結果が出ない競技者へ――誰にも見られない努力があなたを強くする

誰にも見られない行動が競技者の軸をつくる
最近、ふとした瞬間に思うことがあった。
大人になってようやく気づいた、父の凄さについて。
父は毎朝5時に、誰よりも早く職場へ向かっていた。
夏は冷房を、冬は暖房を入れて、誰かが来たときに少しでも快適に過ごせるように。
小さい頃の私は、その理由を深く考えたことがなかった。
「朝はトイレが長くなるから早く行ってるだけだ」と笑っていた父の言葉を、そのまま信じていた。

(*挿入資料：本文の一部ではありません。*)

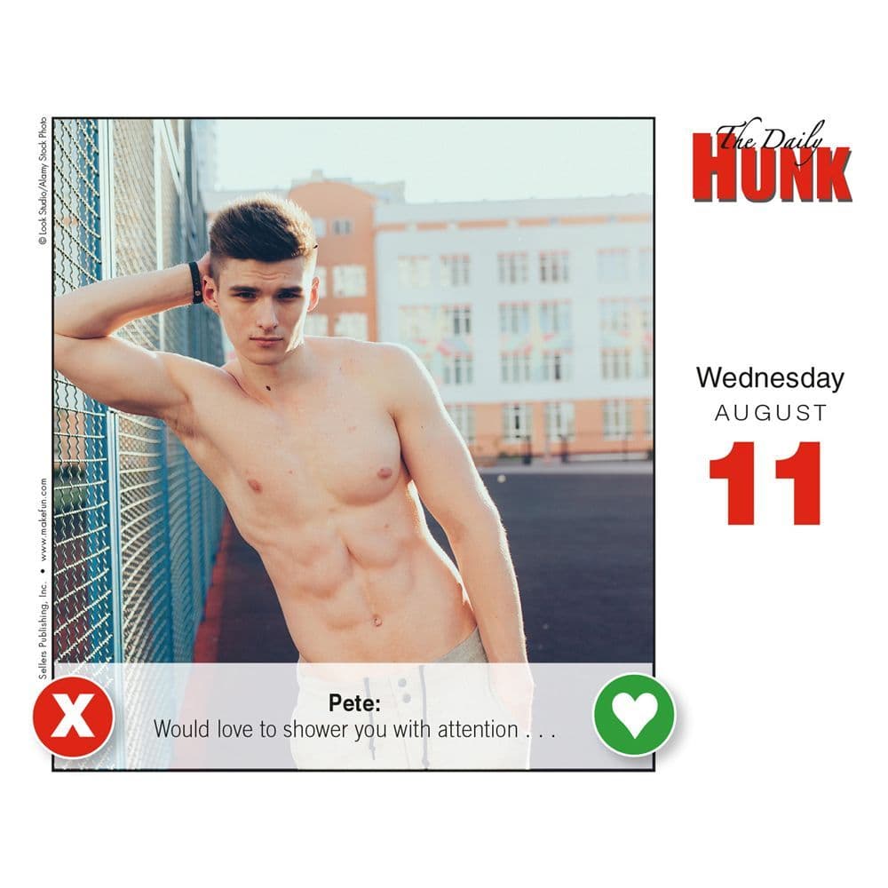 Daily Hunk Calendar 2024. Accompanying each photograph is a tongue in cheek bio that reads like something right out of the personals. The Daily Hunk contains enough sexy men to keep you fantasizing all year long. Each month features a different luscious lad showing off his finely sculpted physique — and his favorite tartan, of course. This daily calendar is sure to get some hearts racing! The Daily Hunk daily calendar contains enough sexy men to keep you fantasising all year long. Accompanying each photograph is a tongue-in-cheek bio that reads like something.

大きくなるにつれて、父はその本当の理由を話してくれた。
その時も「すごいな」とは思ったが、今ほど深くは理解していなかった。
大人になった今、ようやくその行動の意味と凄さが分かる。
父は役職が上がっても、その小さな親切を変わらず続けていた。
最高役職に就いても、誰にも見られない場所で同じ行動を続けていた。
感謝されたいわけでも、評価されたいわけでもない。
ただ、自分がそうしたいからやっているだけ。
見返りを求めていたら、きっと続かなかったんじゃないかなと勝手に思っている。
本当の親切とは、こういうことなのかもしれないなって、、、。
その背中を見て育ったからこそ、今の自分の姿勢がある。
これは、選手に対してだけでなく、どんな場面でも大切にしている自分に対しての問い。
そして一番気をつけているのは、行動に見返りを求めないこと。
少し気を抜けば、承認欲求はすぐに顔を出す。
「こんなにやってるのに…」
「なんであいつが評価されるんだ…」
そんな気持ちが出てきたとき、それはもう親切でも努力でもなくなる。
父の姿勢を思い出すたびに、私は自分に問い直す。
誰にも見られない場所で、日を浴びないところで、自分はどう行動しているだろうか。
誰かのために動いているその行動に、見返りを求めていないだろうか。
そうやって自分を整え直すたびに、父の背中の大きさを改めて感じる。
見返りを求めると努力は続かない
結果が出ない時期の落とし穴
結果が出ない時期や、自分が思うように評価されない時間は、どんな競技者にも訪れる。
スランプのような状態が続くと、心は不安定になりやすい。
だからこそ、
- 見返りを求めない行動は、競技者の軸をつくる。
- 誰にも見られない場所での積み重ね。
- 自分の意思で選んだ努力。
- 承認欲求に飲まれない心。
- 結果に左右されない姿勢。
これらはすべて、競技力に直結する。
そしてもう一つ、大事なことがある。
見返りを求めてしまうと、思った通りの見返りが得られなかった瞬間に心が沈み、行動そのものをやめてしまう。
そう思った瞬間、努力は義務に変わり、続かなくなる。
逆に、見返りを求めずにやり続けられた人にだけ、後から静かにギフトがやってくる。
誰にも見られていないようで、実は見ている人はちゃんと見ているということ。
本番で出る偶然ではない結果は、見えないところでの行動がつくる。
評価されなくても続けられる競技者が強くなる
そしてもう一つ、大事なことがある。
努力を続けていると、必ず出てくる。
ケチをつけてくる人。
「意味ないよ」と言ってくる人。
「そのやり方じゃダメだ」と断言してくる人。
便利なツールを使えば「楽してる」と言われ、親切でやったことが「媚びてる」と捉えられることもある。
どれだけ丁寧にやっても、どれだけ誠実に向き合っても、違う形で受け取られることはある。
それでもいい。
大事なのは、自分の行動の意図を自分が知っていること。
誰にも見られない場所で、日を浴びないところで、自分のために、誰かのために動いているその行動は、必ずあなたの未来を支える力になる。
今、結果が出ない競技者へ伝えたいこと
今、頑張っているあなたへ
努力や親切に見返りを求めてしまうと、それはもう努力でも親切でもない。
今、結果が出ないと感じている競技者もいるかもしれない。
評価されず、モチベーションが揺らぐ時期もあるだろう。
でも、その姿勢は決して無駄じゃない。
誰にも気づかれなくても、評価されなくても、その行動は確実にあなたを強くしている。
父の背中が私を育てたように、あなたの背中も、未来のあなたを育てている。
最後までお読み頂きありがとうございました。